Chiara Cartuccia (DAI's 2024 - 2025 COOP tutor) has curated a group exhibition at La Fabra Centre d’Art Contemporani in Barcelona, entitled As Stones on Their Palms, Embers and Flame (after a poem by Palestinian author Fadwa Tuqan) and it features works by our alum Hasan Özgür Top (DAI 2018 - 2020) among others. The exhibition explores the entanglement of ruination with histories of anticolonial resistance, uprising, revolution, and political radicalism across the Mediterranean. Ruins are not understood here as inert remnants of the past, but as charged terrains where capitulation and endurance meet — “negative commons” that, while bearing the traces of decay and dispossession, also harbour the promise of resurgence, inscribing a field of struggle where memory, imagination, and desire intersect. They are inseparable from the gestures that produced them and from those that rise in their wake: acts of disobedience and steadfastness, carrying within them the dual fate of defeat and victory.
About Chiara Cartuccia
About Hasan Özgür Top
The other artists are : Marianne Fahmy, Joyce Joumaa and Huda Takriti.

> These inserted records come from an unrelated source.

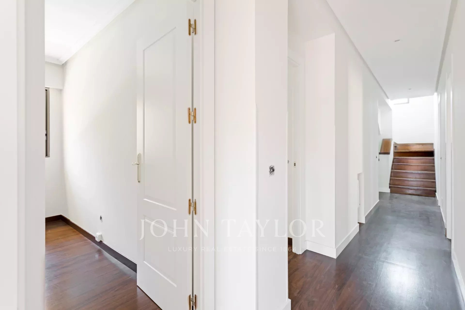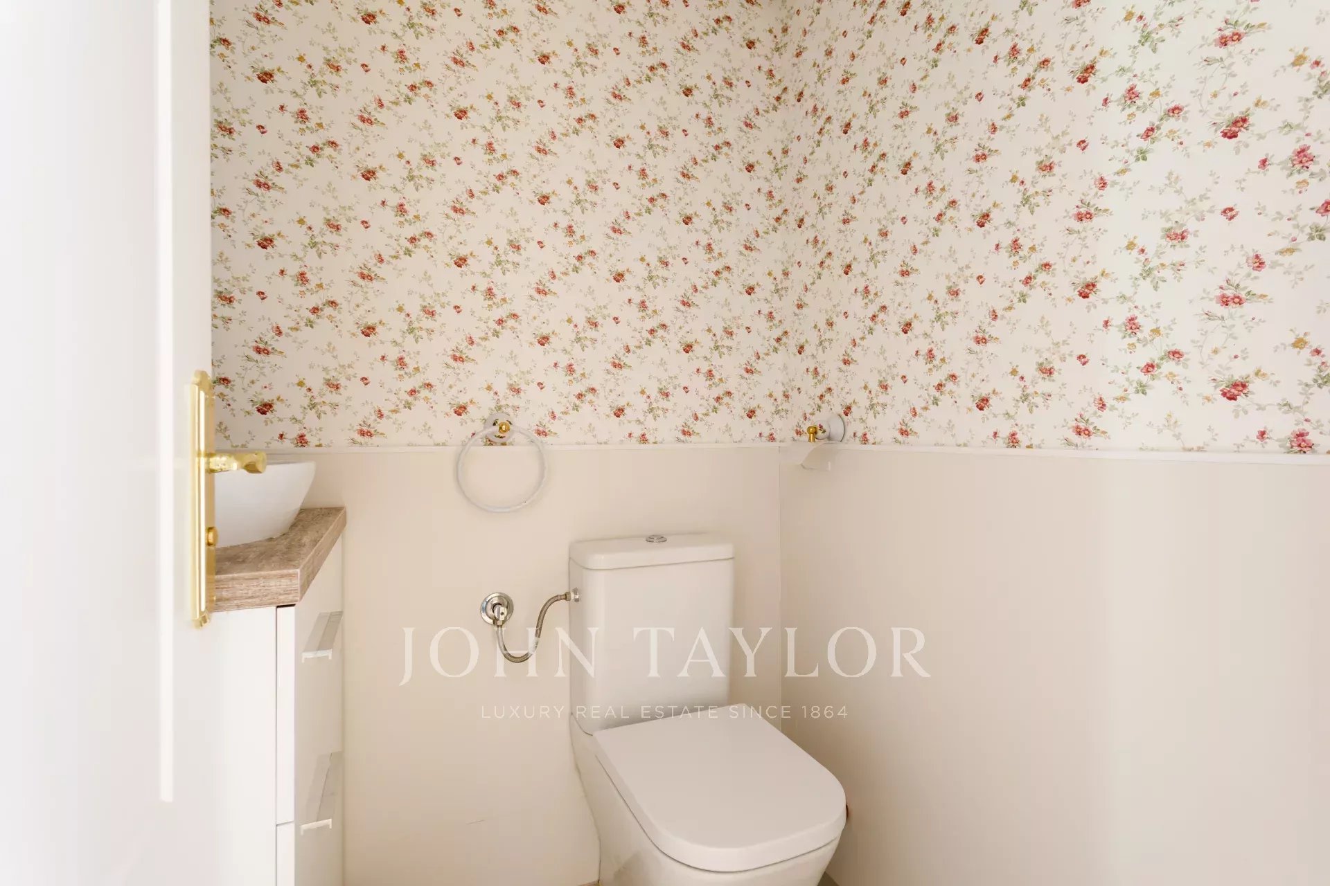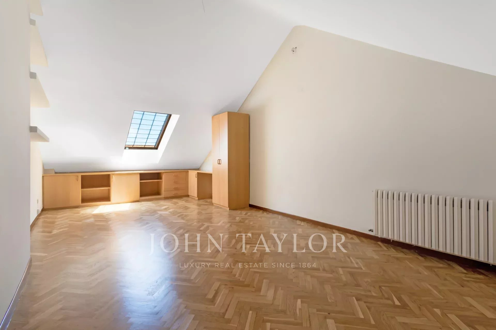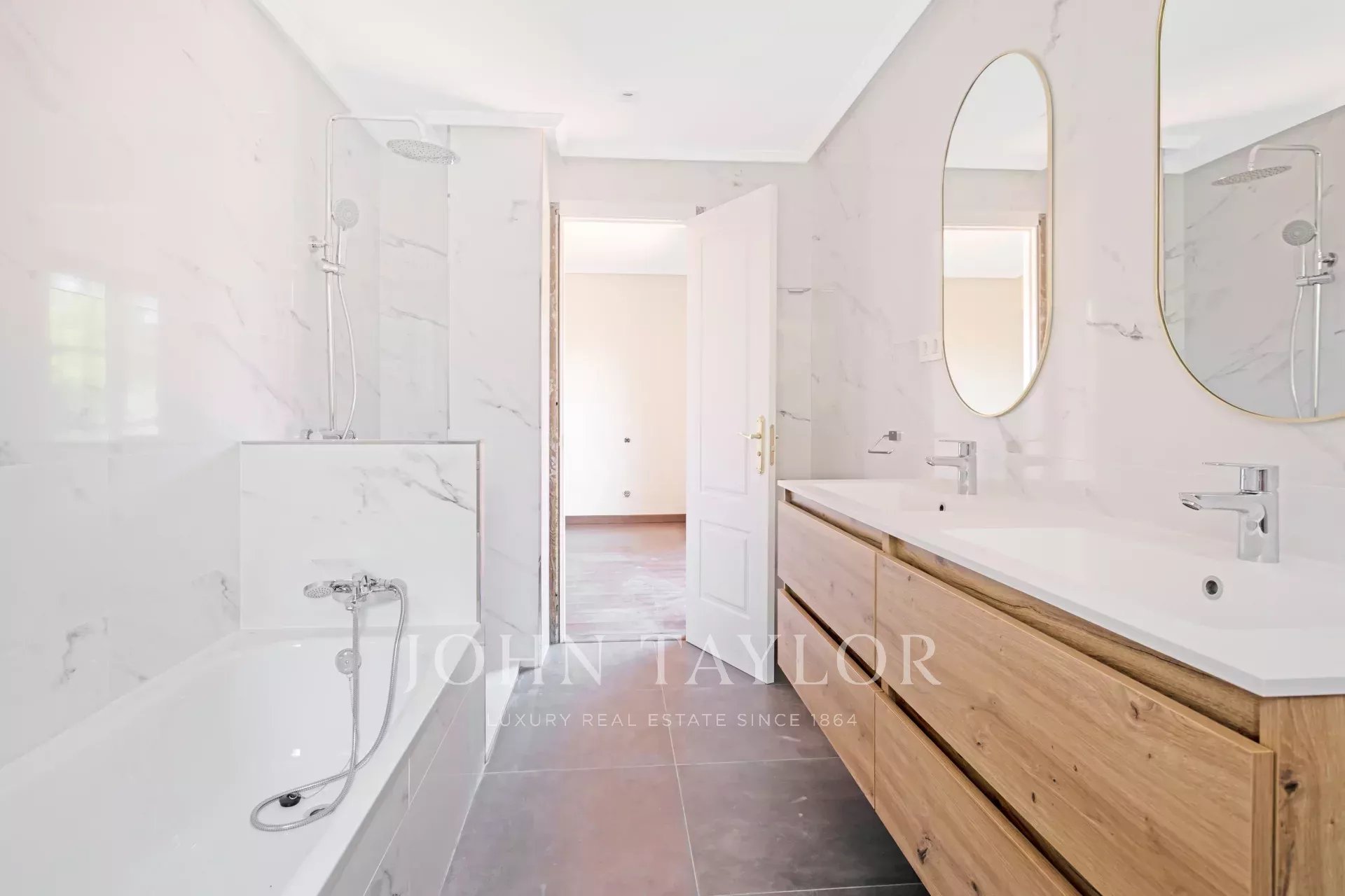 На втором этаже большая главная спальня с гардеробной и ванной комнатой, три спальни и две ванные комнаты. В главной спальне есть терраса с прекрасным видом на сад. На втором этаже - два огромных помещения, которые можно использовать как спальни или гостиные. Наконец, на полуподвальном этаже - гостиная или спальня, прачечная, подсобное помещение и парковка на две машины.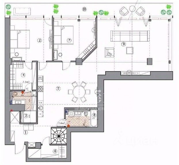* Балкон: 21,7 м².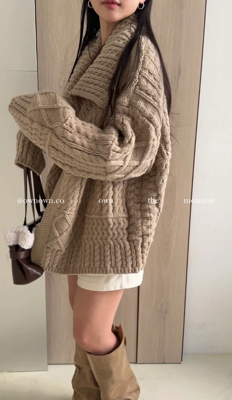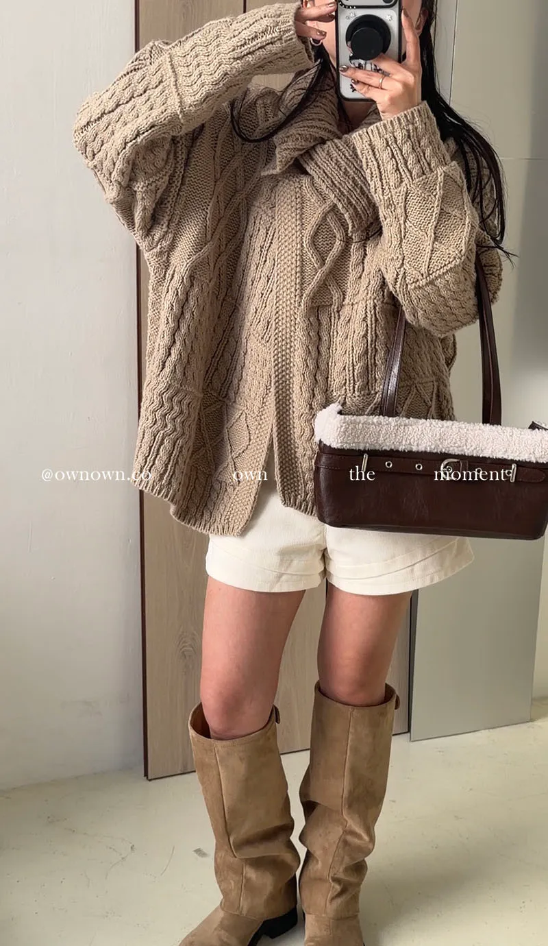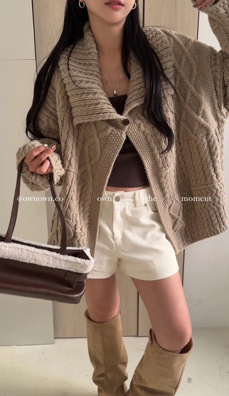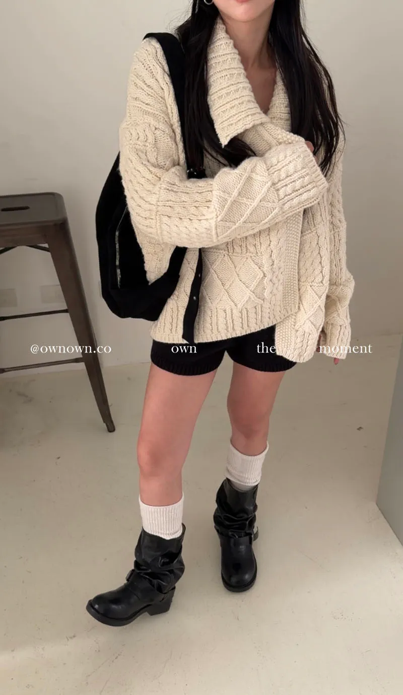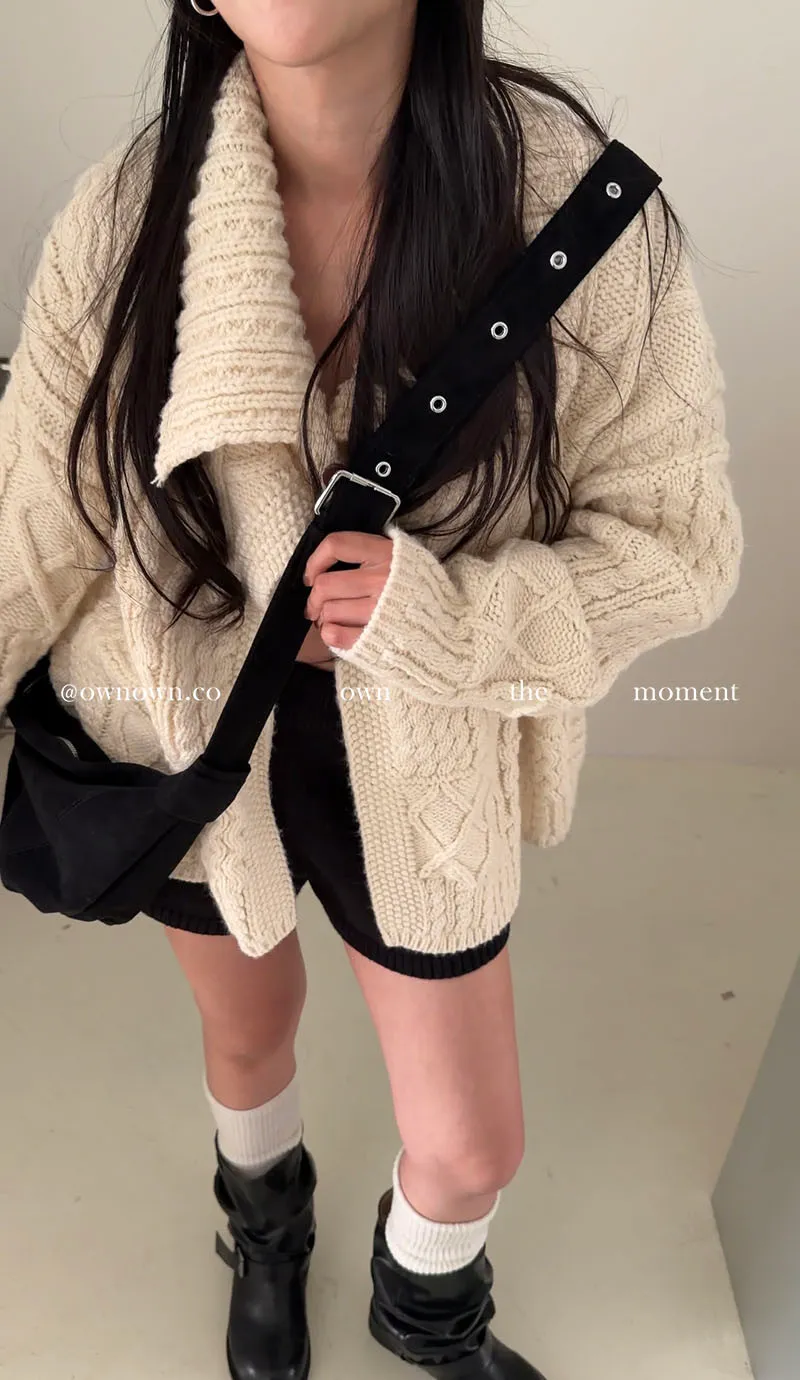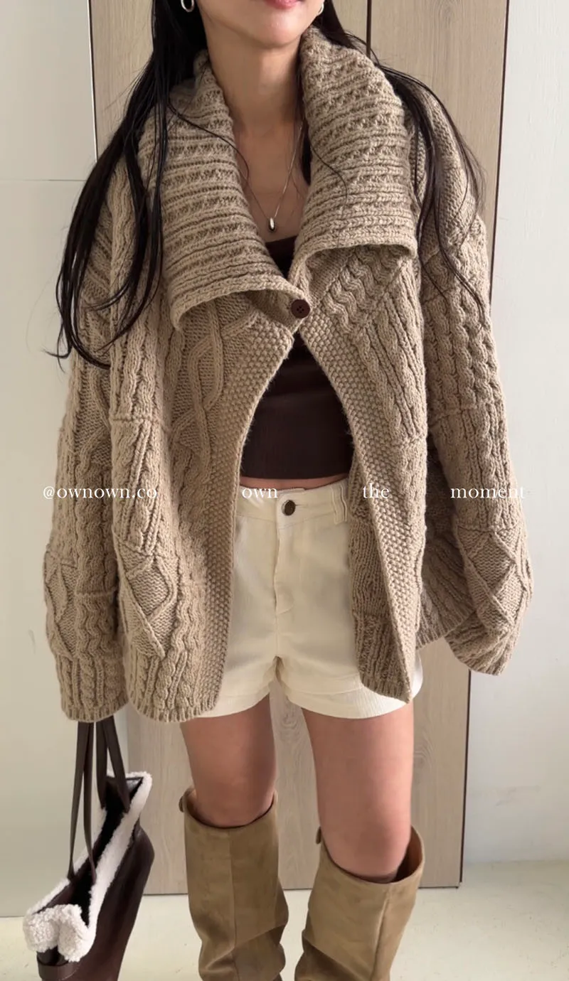 【限時優惠】給你不一樣的時髦 麻花大翻領開釦毛衣 2colors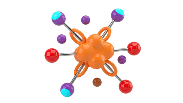 A 3D atom molecule model with connected spheres and bonds, isolated on a white or transparent  png background, symbolizing science, chemistry, and structure.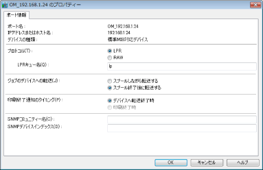[SNMPコミュニティー名]、[SNMPデバイスインデックス]は、標準MIB対応デバイスを使用するポートの場合に表示されます。キヤノン製品を使用するポートの場合は表示されません。ポートのプロパティーのみで表示され、ポートの作成時に設定することはできません。

As Stones on Their Palms, Embers and Flame
07.02.2026 - 31.05.2026
The exhibition brings together four artists whose work engages these conditions through distinct yet convergent strategies: addressing ruins as mnemonic sites and speculative devices, where remembrance sparks projections of futures beyond catastrophe; tracing cycles of social ruination in the light of revolutionary pasts and presents, exposing how collapse and germination fold into one another; interrogating archaeology and the archival as technologies of domination, disciplines that fabricate legitimacy, monumentalise defeat, and erase insurgent memory. Ruin is seized as a terrain of confrontation, where violence is neither concealed nor disavowed, but recognised as integral to the generative force of political transformation. The exhibition’s lexicon also unsettles the figure of the “hero,” shifting the viewer’s attention toward collective gestures of defiance, sacrifice, and repetition. Resistance is reframed not as a singular, continuous triumphal gesture, but as a recurring, obstinate rhythm — the persistence of bodies standing, falling, and rising again.
As Stones on Their Palms, Embers and Flame positions ruin as both wound and weapon, at once scar and arsenal. From this unstable ground, between dust and ignition, new solidarities and configurations of struggle erupt. In the interstices of destruction and creation, political imagination endures.